How InMobi achieved 20x faster queries and 80% cost savings with ClickHouse

Summary

InMobi uses ClickHouse to power real-time ad reporting APIs, serving key metrics (e.g. impressions, clicks) under strict latency and availability SLAs. Migrating from a serverless warehouse to ClickHouse cut P99 latency from 60s to under 3s and reduced monthly spend by 80% (from $40K to $8K). The system now handles 400K+ daily queries across 10 TB of data and serves as a reusable analytics platform for new use cases across InMobi.

If you’re like most consumers, you probably open a mobile app, see an ad, decide whether to tap, and then move on.
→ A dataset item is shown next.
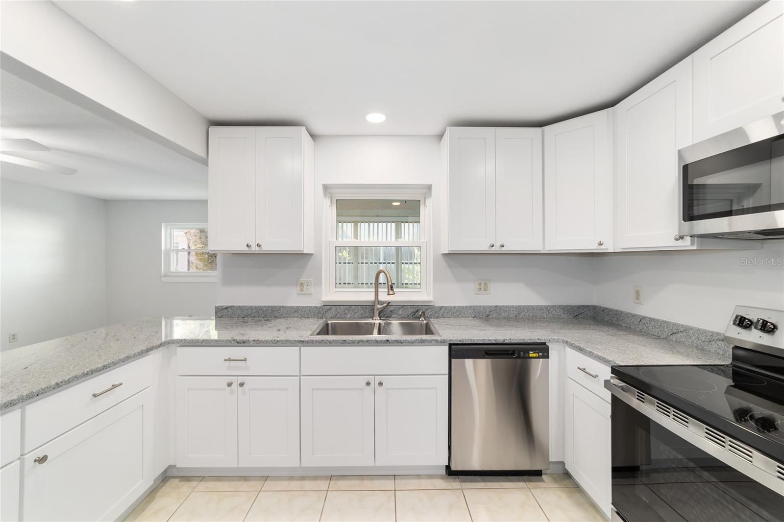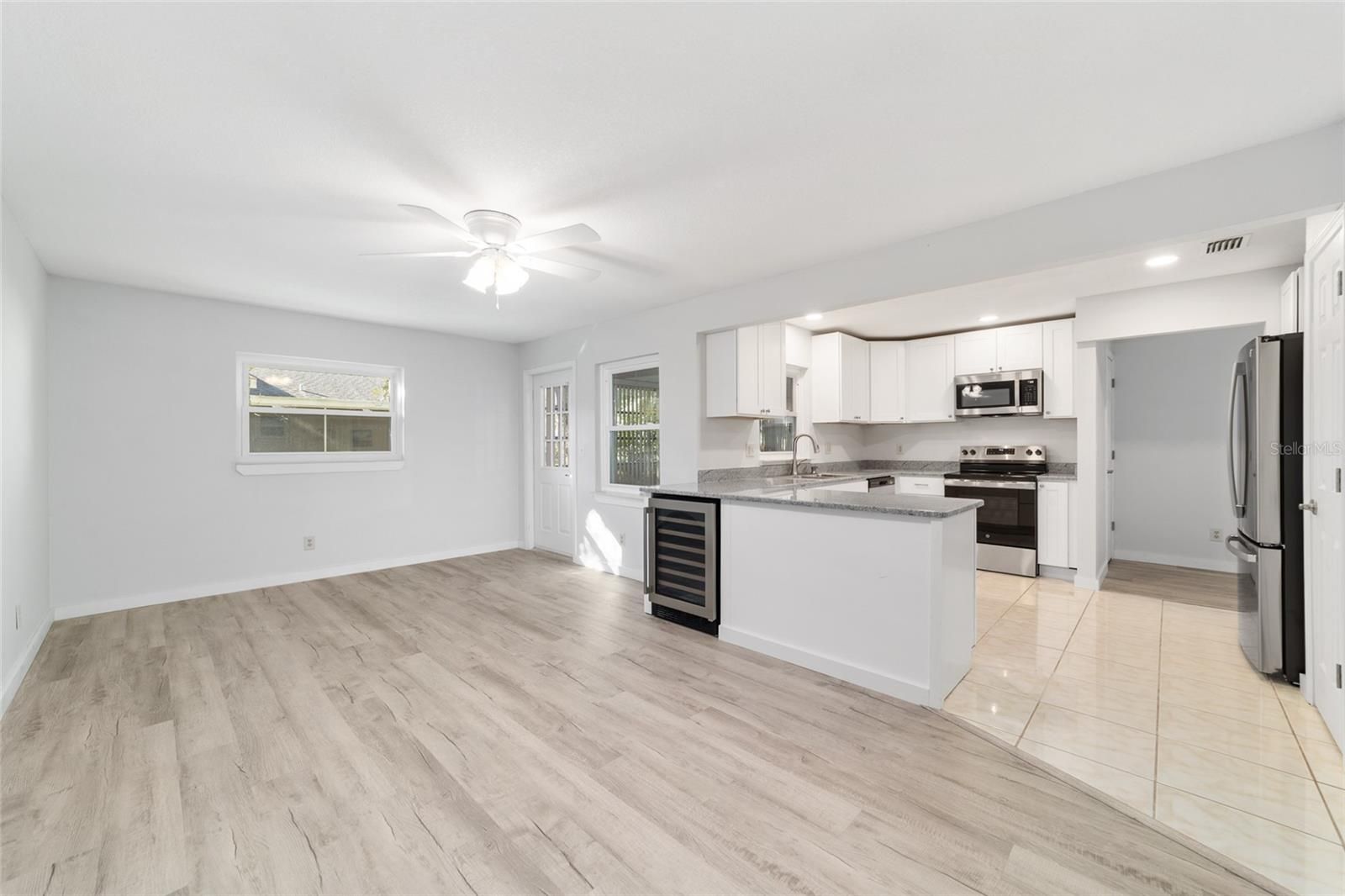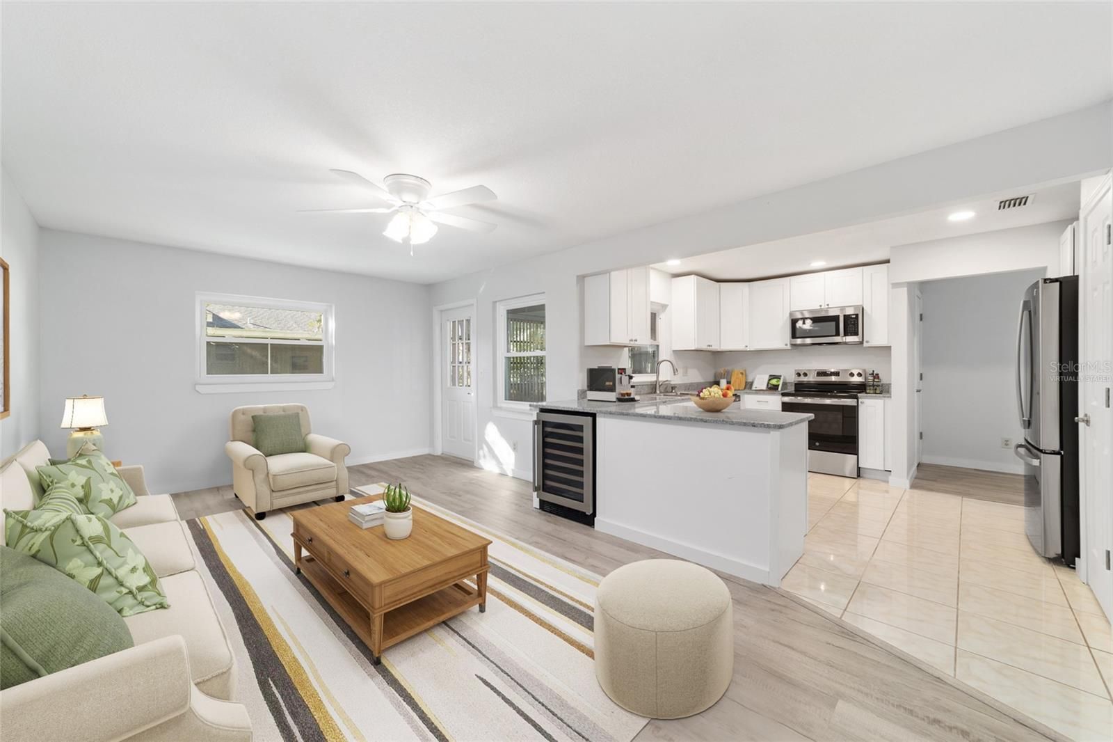 One or more photo(s) has been virtually staged. END UNIT: This remodeled and upgraded 2-bedroom, 2-bathroom, 2 car garage Montgomery is located on a tree lined street in On Top of the World. The kitchen is ABSOLUTELY stunning and has been updated with all new cabinets, counters, quartz counters, and new stainless-steel appliances-including a beverage fridge. Don’t settle for refaced cabinets when these white cabinets are all new with dovetail, soft close features. Plus, the kitchen has been bumped out for additional space. The spacious main bedroom easily accommodates a king size bed and features a large walk-in closet as well as an ensuite bathroom that has been fully updated with quartz counters, DOUBLE sinks, new cabinets, and new toilet. The large secondary bedroom can also accommodate a king size bed and the secondary bathroom is impressively updated as well. For peace of mind, the home has a newer roof (2017), new windows (2025), and offers a 2 YEAR HOME WARRANTY! Luxury vinyl plank floors throughout, new baseboards, new doors, new, hardware, new recessed lighting, new paint, and NO POPCORN CEILINGS are just some of the additional upgrades. This home has impeccable curb appeal with healthy sod and a painted driveway and front porch. On Top of the World is Ocala’s premier 55+ golf resort community offering an array of amenities and golf cart access to nearby shopping, dining, banking, health, and beauty.

Out of sight, out of mind…

But for publishers, that split-second moment is anything but forgettable. It’s a real-time verdict on whether their inventory is performing across devices, geographies, and millions of users, every minute of the day. And they rely on ad-tech leaders like InMobi not just to deliver those ads, but to turn those moments into trustworthy, immediate insight.

Founded in India in 2007, InMobi connects 30,000+ brands and publishers to more than 2 billion people across 150+ countries, handling roughly 250 billion ad requests and 30 billion events every single day. All told, the platform ingests over 240 TB of data daily.

At our Open House Roadshow in Bangalore, InMobi engineers Anand Tirthgirikar and Amber Vaid shared the story of “Project Velocity”—their effort to redesign publisher-facing reporting and make it fast enough for real-time decisions, reliable enough to meet strict SLAs, and cost-efficient enough to keep up with InMobi’s growth.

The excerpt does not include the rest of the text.